I tend to study openings just so I can understand the strategic goals for both sides. It makes sense to have a rudimentary understanding of the opening so you can reach a comfortable middlegame without being lost on what to do. Whether or not your opponent knows the opening is irrelevant. If he/she deviates from lack of knowledge, you still understand what the point of your opening was & the goals you're trying to reach, so you play sensibly & logically under such deviations. In other words, you know what your plan of attack is, which comes from experience in the middlegame structures you learned to reach from the opening.
That being said, you still have to give equal time to tactics and endgame. Spending time on all three of these phases is obviously the best way to go. Dismissing any one of them, including openings, will only hurt your game.
by the way who needs to study openings when you have game explorer
that explore has led me to some horrible positions by me following the statistically "better" moves! i think you should know the basic ideas behind a variety of openings but memorizing long lines and variations should be left for the serious players not patzers like me :)
I am not good in openings, I play d4 Nf3 and try to get the knights out my neighbourhood, by doing a3 h3 or a6 h6 with black
I had an interesting discussion with a class A player in my area recently. I had just come out of a tournament where I had terrible results.
Prior to that I spent most of my study time on tactics and had been going over annotated master games related to the openings I play. I was showing him my games and asking him his opinion.
Anyhow, he told me that he had gotten to class A with hardly any tactical study at all, which I found hard to believe, but he said that most of his serious study involved developing his opening systems with the aid of a chess engine, database, and opening books along with lots of game play. He thought that my problem was largely a matter of not being well versed enough in my opening systems of choice. He does play more positional openings, but again, I was surprised at the nature of his advice, since just the week before I had talked to another strong player who thought any club player looking to improve should just gambit it up. (the usual tactics/tactics advice)

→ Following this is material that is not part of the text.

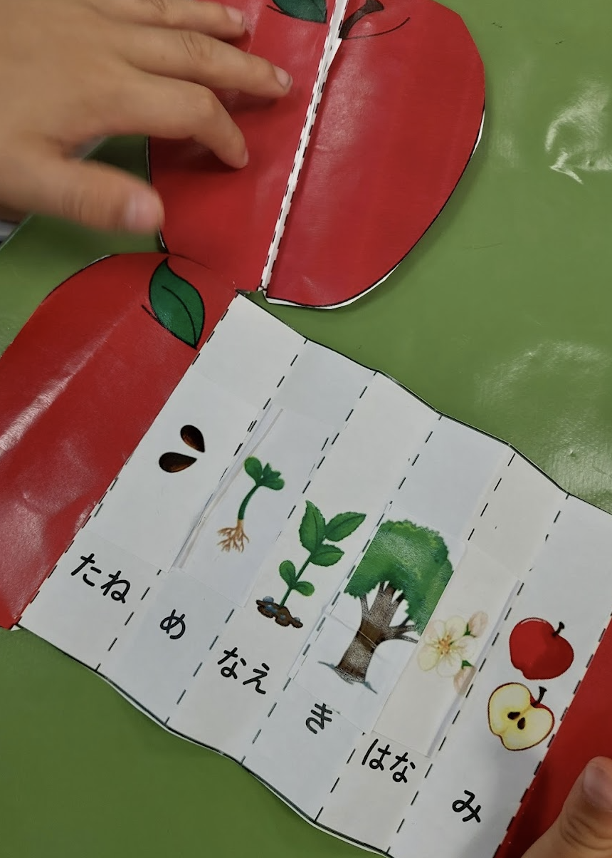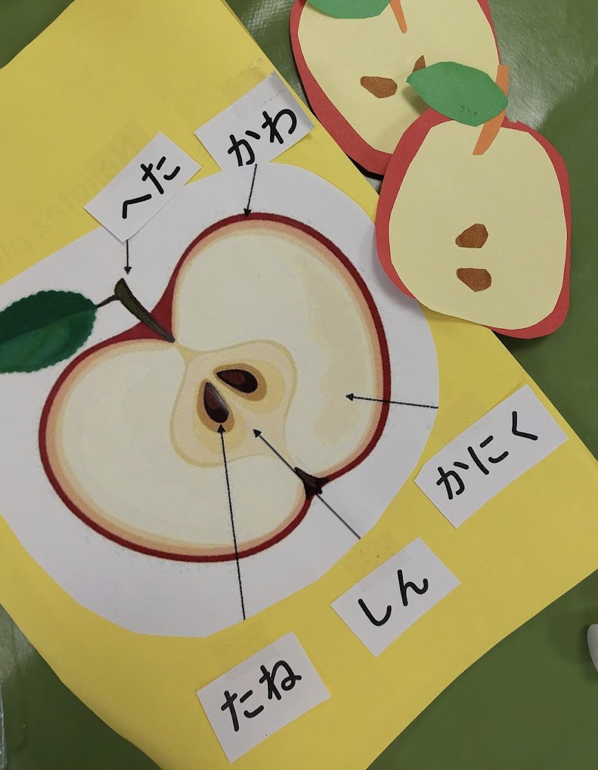 秋冬のくだものであるりんごについても取り上げ、くだもののパーツの名前や、成長過程を「りんごのライフサイクル」として学習しました。

Anyway, I think that when people talk about wasting time studying openings, it's advice that applies more to the type of player who is constantly switching from one opening to another and neglecting other aspects of the game, and not so much the guy who commits to slowly learning a given system over a longer period of time.
The opening is pretty important. I don't think it's a waste of time studying them at all. I like to play the Trompowsky attack as white, and the Scandinavian defence as black.
I'm pretty new to chess and I've looked into studying openings and I was overwhelmed by how many different openings there are. Where do you start?